Samuel made a hmm sound. "I don't see why he'd want to make Mercy think you were innocent of murder-especially if he thought she was just a coyote." He looked at Stefan who shrugged.
"Walkers were only a threat for a couple of decades, and that centuries ago. Littleton is very new; I would be surprised if he's even heard of anything like Mercy. The demon might know, one never is quite sure what demons know. But the best evidence that Littleton thinks Mercy was nothing more than a coyote is that she is still alive."
Goody for me.
"All right." Samuel rubbed his face. "I'd better call Adam.
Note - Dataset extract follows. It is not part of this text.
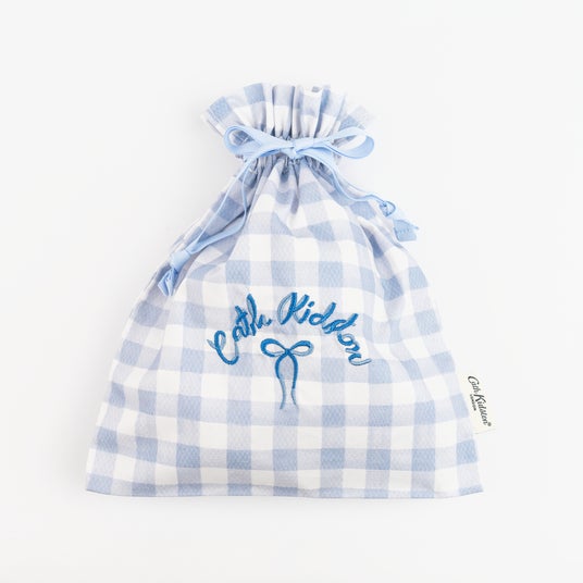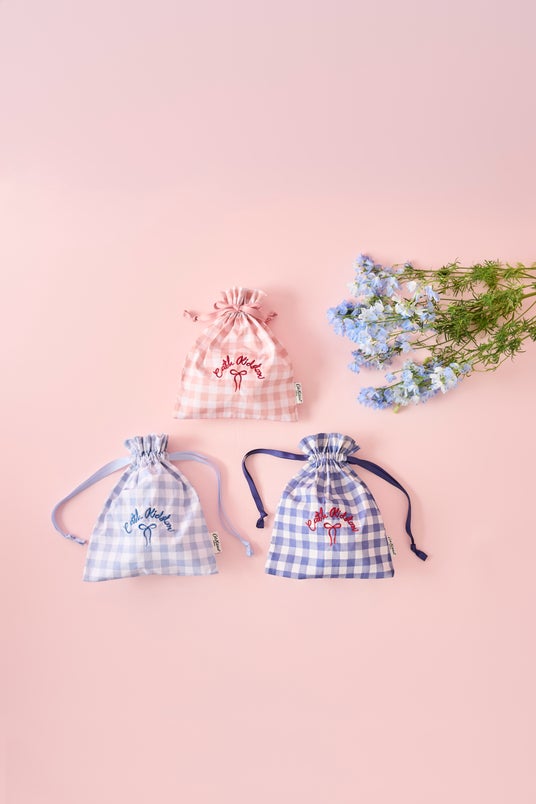 ▪︎ドローストリングポーチ Painted Gingham Pink/Sax/Navy 各2,200円(税込)

He needs to get his clean-up crew to the hotel before someone sees the mess and starts shouting werewolf." He raised an eyebrow at Stefan. "Although I suppose we could just tell the police it was a vampire."
It had been less than six months since the werewolves had followed the fae in coming out into the public view. They hadn't told the human population everything, and only those werewolves who chose to do so came out in the open-most of those were in the military, people already separated from the general population. So far we were all holding our breath waiting to see what would come of it, but, so far, there had been none of the rioting that had marked the fae's exposure a few decades earlier.
Part of the quiet reaction was the Marrok's careful planning. Americans feel safe in our modern world. Bran did his best to protect that illusion, presenting his public wolves as victims who took their affliction and bravely used it to protect others. Werewolves, he wanted the public to believe, at least for a while yet, were just people who turned furry under the full moon. The wolves who had come out first were heroes who put their lives on the line to protect the weaker humans. The Marrok, like the fae before him, chose to keep as much of the werewolves' darker aspects as carefully hidden as he could.
But I think most of the credit for the peaceful acceptance of the revelation belongs to the fae. For more than two decades the fae had managed to present themselves as weak, kindly, and gentle-and anyone who has read their Brothers Grimm or Andrew Lang knows just what a feat that is.
No matter what Samuel threatened, his father, the Marrok, would never agree to expose the vampires. There was no way to soft-pedal the fact that vampires fed on humans.
And once people realized there really were monsters, they might just realize that werewolves were monsters, too.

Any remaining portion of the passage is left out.